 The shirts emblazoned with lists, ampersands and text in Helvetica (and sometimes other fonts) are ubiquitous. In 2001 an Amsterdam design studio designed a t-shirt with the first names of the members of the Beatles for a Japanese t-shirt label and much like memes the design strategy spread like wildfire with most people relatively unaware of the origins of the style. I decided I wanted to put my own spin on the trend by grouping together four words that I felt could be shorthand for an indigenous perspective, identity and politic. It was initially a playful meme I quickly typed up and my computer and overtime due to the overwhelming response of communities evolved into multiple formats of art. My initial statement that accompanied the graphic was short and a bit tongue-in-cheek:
.....
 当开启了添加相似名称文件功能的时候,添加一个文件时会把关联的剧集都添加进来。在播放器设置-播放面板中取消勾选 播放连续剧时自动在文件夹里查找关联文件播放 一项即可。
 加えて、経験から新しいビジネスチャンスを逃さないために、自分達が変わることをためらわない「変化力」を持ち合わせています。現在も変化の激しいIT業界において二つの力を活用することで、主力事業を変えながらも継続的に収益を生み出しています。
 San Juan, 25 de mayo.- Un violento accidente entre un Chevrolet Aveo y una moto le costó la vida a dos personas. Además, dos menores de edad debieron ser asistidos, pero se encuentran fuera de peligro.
.....
### Prompt
Output the material above exactly, but only from the line that carries "加えて、経験から新しいビジネ" through the line that carries "San Juan, 25".

### Exercise result
 加えて、経験から新しいビジネスチャンスを逃さないために、自分達が変わることをためらわない「変化力」を持ち合わせています。現在も変化の激しいIT業界において二つの力を活用することで、主力事業を変えながらも継続的に収益を生み出しています。
 San Juan, 25 de mayo.- Un violento accidente entre un Chevrolet Aveo y una moto le costó la vida a dos personas. Además, dos menores de edad debieron ser asistidos, pero se encuentran fuera de peligro.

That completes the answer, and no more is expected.